Md Amiruzzaman West Chester University, West Chester, PA, USA
Rashik Rahman University of Asia Pacific, Dhaka, Bangladesh
Md. Rajibul Islam University of Asia Pacific, Dhaka, Bangladesh
Rizal Mohd Nor International Islamic University Malaysia, Kuala Lumpur, Malaysia

DOI: https://doi.org/10.47981/j.mijst.10(01)2022.349(25-32)
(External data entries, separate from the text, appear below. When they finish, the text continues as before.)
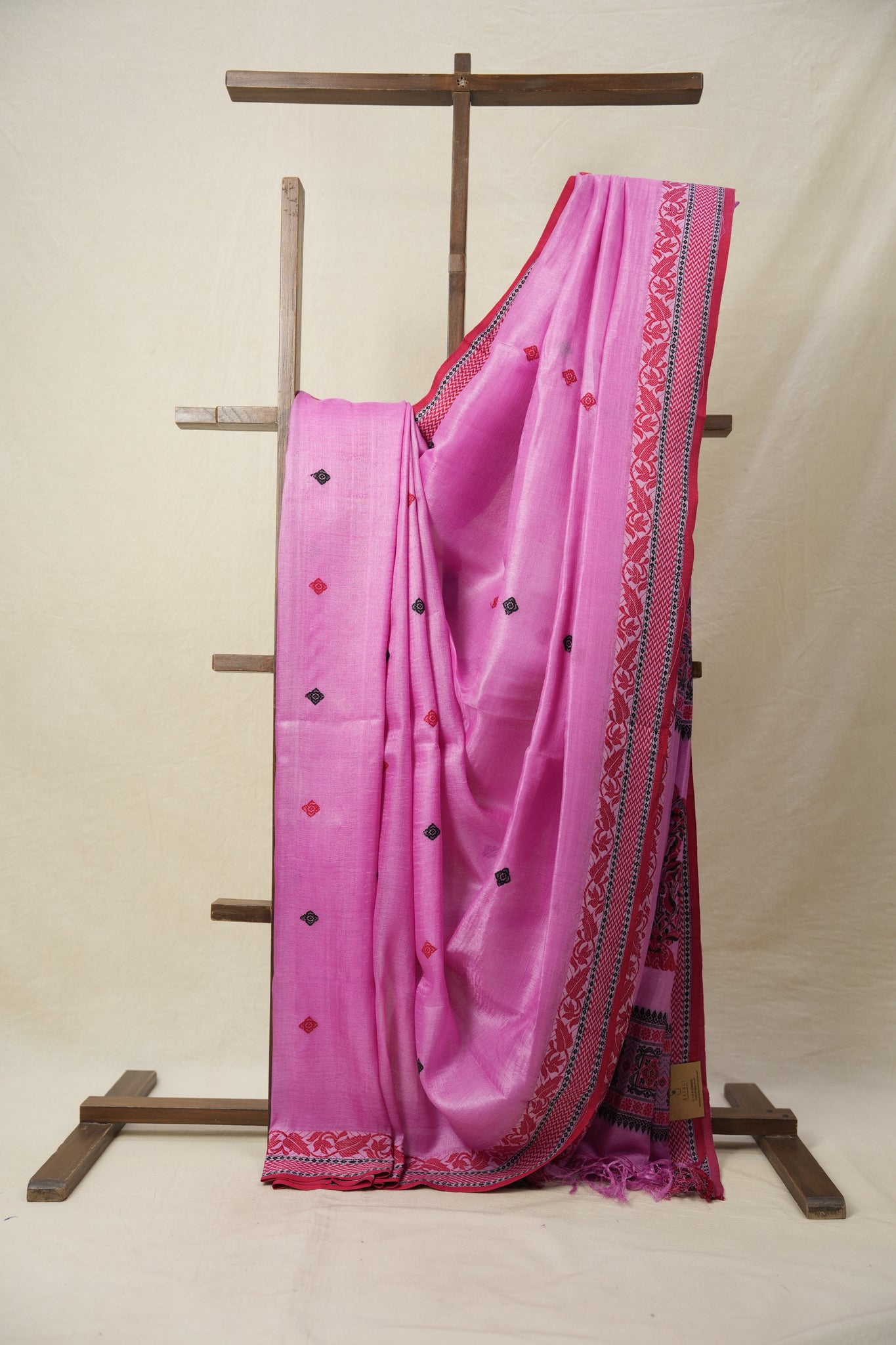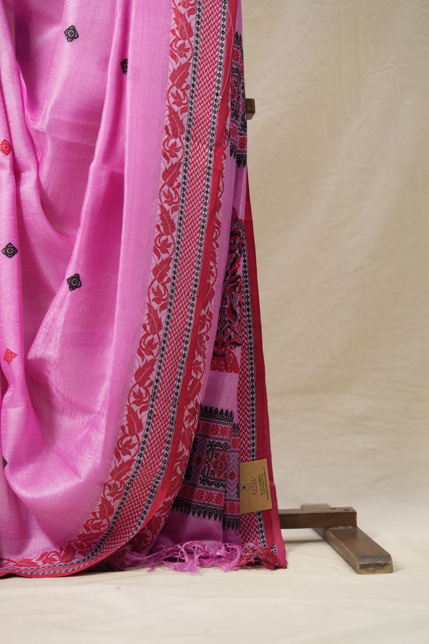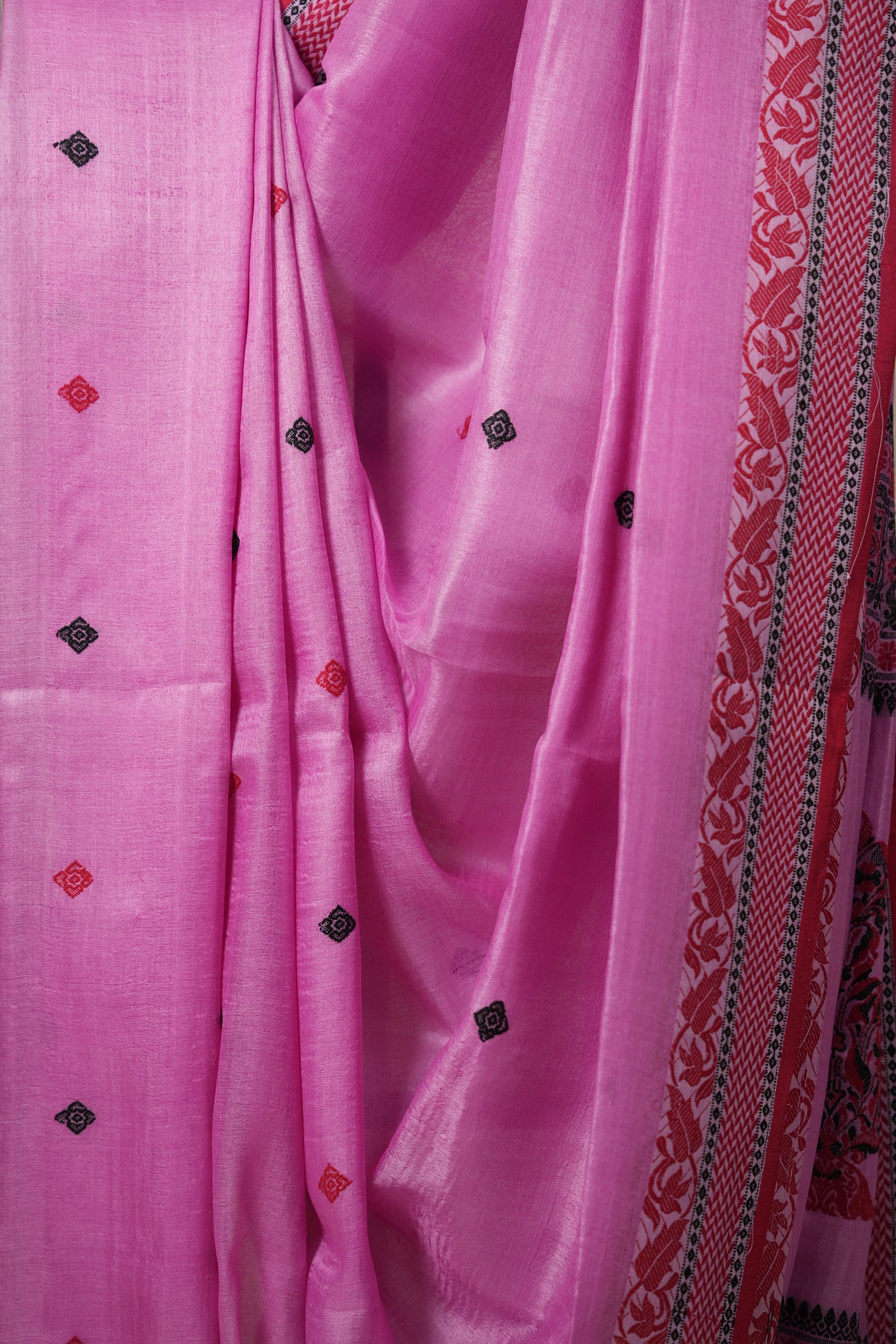 Neon Pink Jamdani Tussar Silk Saree - SRNPJTSS0029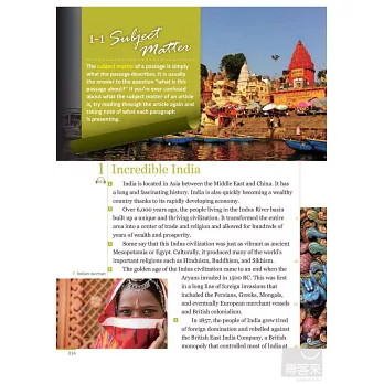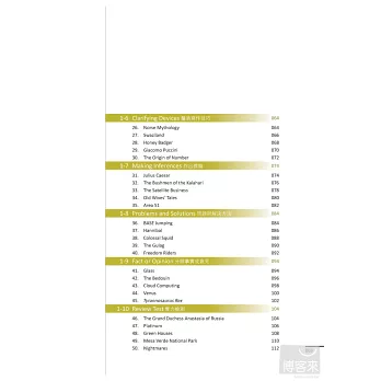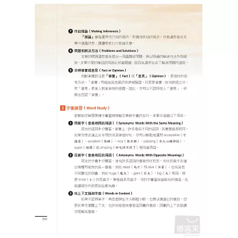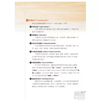 閱讀技巧(Reading Skills):包含明辨主題(Subject Matter)、歸納要旨(Main Idea)、找出支持性細節(Supporting Details)、明瞭作者目的和語氣(Author’s Purpose and Tone)、理解因果關係(Cause and Effect)等實用閱讀技巧。每一小節針對各閱讀技巧撰寫,引導讀者聚焦閱讀方向,幫助釐清思考。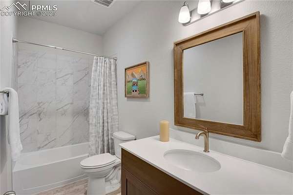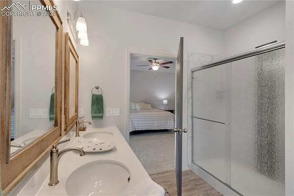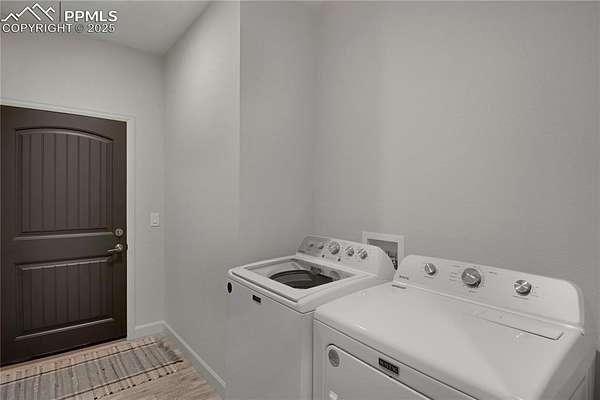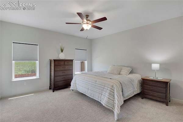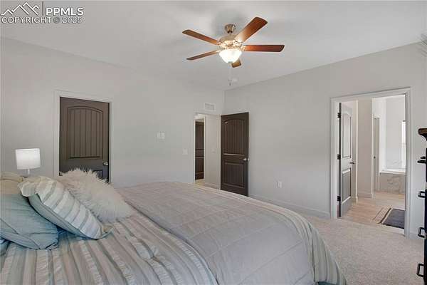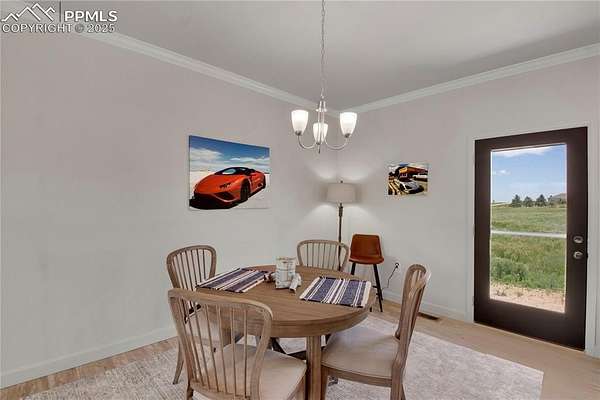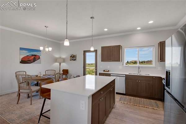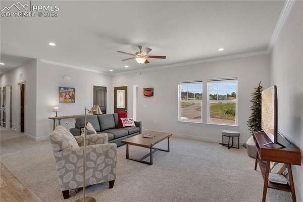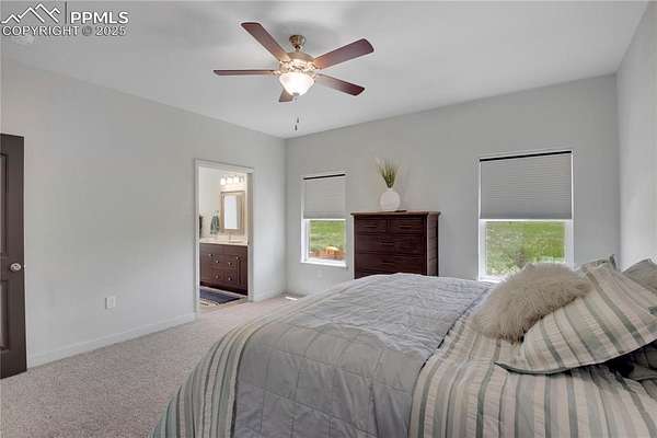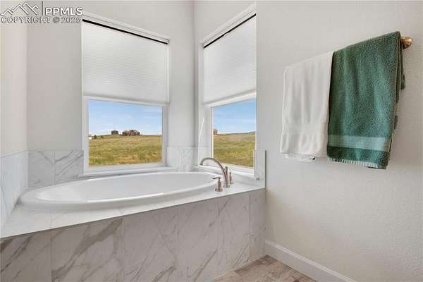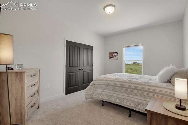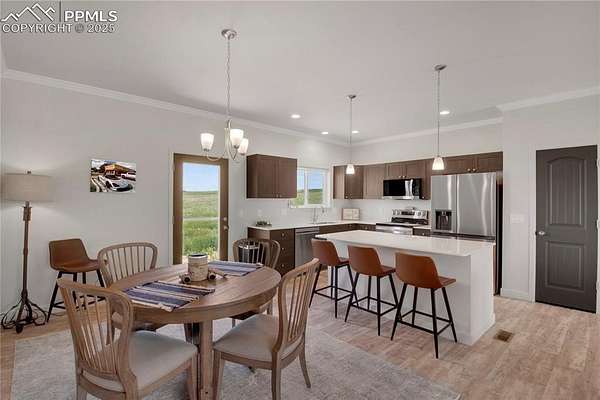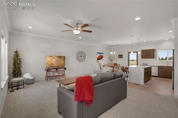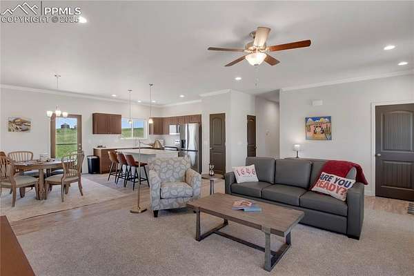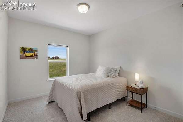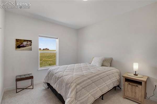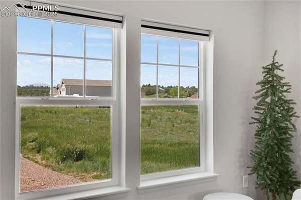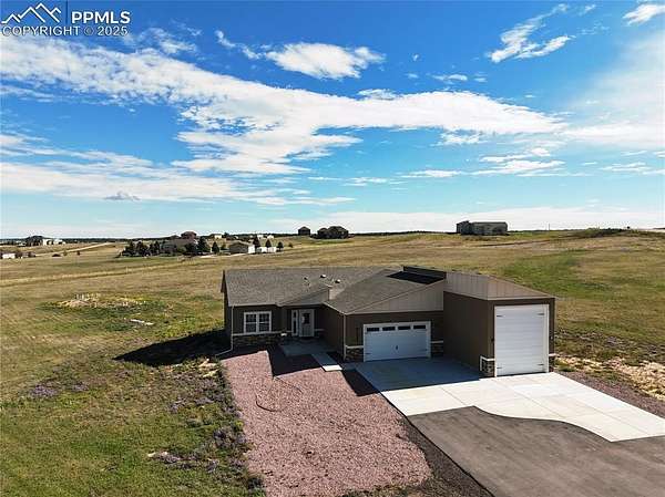 Welcome to this stunning 2024 custom ranch-style home, perfectly situated on 5.04 acres in highly sought-after Black Forest. Designed for effortless main-level living, this home features a brand-new asphalt driveway, a spacious 3-car garage with oversized RV bay. Step inside to 9' ceilings, crown molding, abundant natural light, and custom window treatments throughout. The open-concept layout flows seamlessly from the living room into the kitchen and dining area, creating a warm and welcoming space for everyday living or entertaining. The kitchen is beautifully appointed with quartz countertops, stainless steel appliances, a large center island, pantry, and rich brown cabinetry. The primary suite offers a luxurious retreat with an oversized shower, soaking tub, double vanity with quartz countertops, and private placement at the rear of the home. Two additional bedrooms offer ample closet space and share a full bathroom with granite countertops and a tiled shower/tub combo. A well-placed laundry/mudroom just off the garage adds everyday convenience. With no interior stairs and a new 2025 (propane) gas furnace, this home is designed for comfort, efficiency, and accessibility. Outside, take in wide open views and a stunning sightline to Pikes Peak. Whether you envision adding a barn, cultivating a garden, or simply enjoying the space and serenity, the possibilities are endless. With easy access to Black Forest Road, you're close to everything while enjoying the peace of acreage living. This is a rare opportunity to own a move-in ready home with modern finishes, open space, and true livability in one of Colorado's most desirable communities.

Keywords: Clustering, DBSCAN, Geo-coordinates, Machine learning, Spatial

Abstract

DBSCAN algorithm is a location-based clustering approach; it is used to find relationships and patterns in geographical data. Because of its widespread application, several data science-based programming languages include the DBSCAN method as a built-in function. Researchers and data scientists have been clustering and analyzing their study data using the built-in DBSCAN functions. All implementations of the DBSCAN functions require user input for radius distance (i.e., eps) and a minimum number of samples for a cluster (i.e., min_sample). As a result, the result of all built-in DBSCAN functions is believed to be the same. However, the DBSCAN Python built-in function yields different results than the other programming languages those are analyzed in this study. We propose a scientific way to assess the results of DBSCAN built-in function, as well as output inconsistencies. This study reveals various differences and advises caution when working with built-in functionality.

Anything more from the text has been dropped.